July 7, 2019

Fourth Sunday after Pentecost, Sunday of All Saints of Rus’-Ukraine, Tone 3; Our Venerable Father Thomas of Maleum; and Acacius mentioned in The Ladder of Divine Ascent of Saint John Climacus

Read
Romans 6:18-23; Romans 8:28-39
Matthew 8:5-13; Matthew 5:1-16

Take a guess how many times we sing “Lord, have mercy” in the Divine Liturgy. Excluding the preparatory prayers of the clergy and any added petitions after the Gospel, the usual parish will sing it 44 times in each Liturgy. 44 times. Some have come to me as their pastor and asked, “Father, why do we have to sing “Lord, have mercy” so many times? Doesn’t the Lord hear us the first time?”

Their assumption that the Lord hears the first time is correct. We have heard in today’s Gospel that when the Gentile centurion but asked once for the Lord to heal his slave, the Lord started to move towards his house to heal him (despite the norm that a pious Jew would never enter into the house of a Gentile). In the same way, the Lord moves to answer our petition when we make it. Here’s the question: do we have the same faith as the centurion?

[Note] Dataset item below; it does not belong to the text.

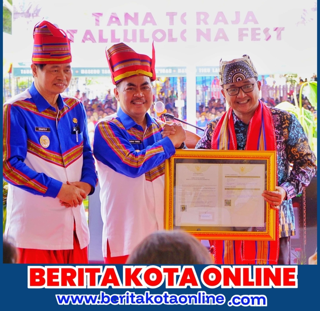 Makale, Beritakota Online-Kabupaten Tana Toraja kini memiliki perlindungan hukum resmi atas kerbau belang khas daerahnya, Tedong Bonga. Kantor Wilayah Kementerian Hukum Sulawesi Selatan (Kanwil Kemenkum Sulsel) menyerahkan Surat Pencatatan Kekayaan Intelektual Komunal (KIK) Sumber Daya Genetik “Tedong Bonga” dalam peringatan HUT ke-68 Kabupaten Tana Toraja.

We sing “Lord, have mercy” so often not because the Lord is deaf to our petitions. Rather, it is so that we may grow in faith. It is so that we may come to a faith whereby we ask once with absolutely complete trust in the Lord, a faith like the centurion’s.

As Dmitri Royster has noted, St. Gregory of Nazianzus wrote about the centurion’s faith and his approach to the Lord as an example for us all: “Wherefore we must purify ourselves first, and then approach this converse with the Pure … be like the Centurion who would seek for healing, but would not, through a praiseworthy fear, receive the Healer into his house. Let each one of us also speak so, as long as he is still uncleansed, and is a Centurion still, commanding many in wickedness, and serving in the army of Caesar, the World-ruler of those who are being dragged down; ‘I am not worthy that thou shouldest enter under my roof’” (Oration on the Holy Lights, 9).

Let’s keep singing “Lord, have mercy” until we get it – a centurion’s faith.